After more than four decades in operation, Medela Potentia and its subsidiaries have grown into one of Indonesia’s leading integrated distribution platforms, providing nationwide access to healthcare products, including its own medical device product lines.
Distribution remains central to the company’s strategy, with ongoing expansion across the archipelago as well as initial international market penetration into Cambodia and Timor-Leste. MDLA noted that fixed distribution costs remain one of the main operational challenges.
To address this, the company has prioritized technology and AI development, including the use of expert systems and machine learning to improve demand forecasting accuracy, helping balance inventory levels and working capital.
AI systems are also being used to optimize stock levels, reduce capital tied up in overstock, and prevent stock shortages.
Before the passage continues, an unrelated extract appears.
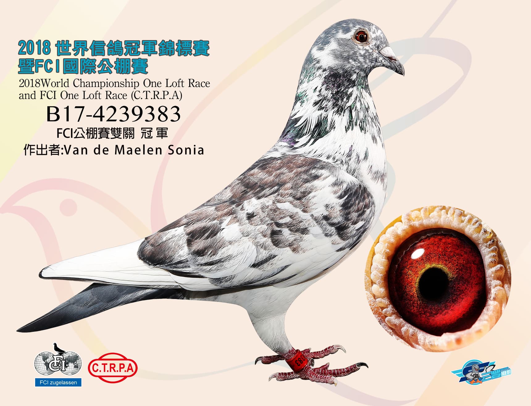 半平辈 “灰色”荣获: 2018年FCI大奖台湾鸽王1位

The company is also developing a transportation management system designed to calculate the most efficient delivery routes and standardize shipment planning.
As part of efforts to strengthen distribution capabilities and improve operational efficiency, construction of a warehouse and branch office for Anugrah Argon Medica (AAM), one of MDLA’s subsidiaries, in Medan is expected to be completed by the end of this year, further strengthening distribution coverage in Sumatra.
Last year, MDLA also acquired National Distribution Center (NDC) 1, a 10,000-square-meter facility with a capacity of 13,525 pallets located in the Jababeka II Industrial Estate in Cikarang, West Java. The facility had already been an integral part of the company’s distribution infrastructure for more than a decade and was previously utilized through a lease scheme from an affiliated company.
MDLA has also acquired 2.7 hectares of land in the Jababeka I Industrial Estate for the development of AAM’s NDC 2. The expansion is expected to further strengthen warehouse capabilities while improving delivery speed and service quality for customers.
“Strengthening our distribution network, developing warehouse infrastructure, and expanding our product portfolio are key steps to maintain our growth momentum,” said PT Anugrah Argon Medica President Director Juliwaty.
This year, the company has also introduced several initiatives to expand its services. In early February, AAM partnered with Alcon to launch Systane Complete Multi-Dose Preservative-Free, an innovative eye drop solution targeting various dry eye conditions.
During the same month, MDLA through AAM also entered into a strategic partnership with Compawnion to expand the distribution of premium pet food products, addressing growing demand in Indonesia’s pet care industry, which according to Mordor Intelligence is projected to reach $1.83 billion by 2031.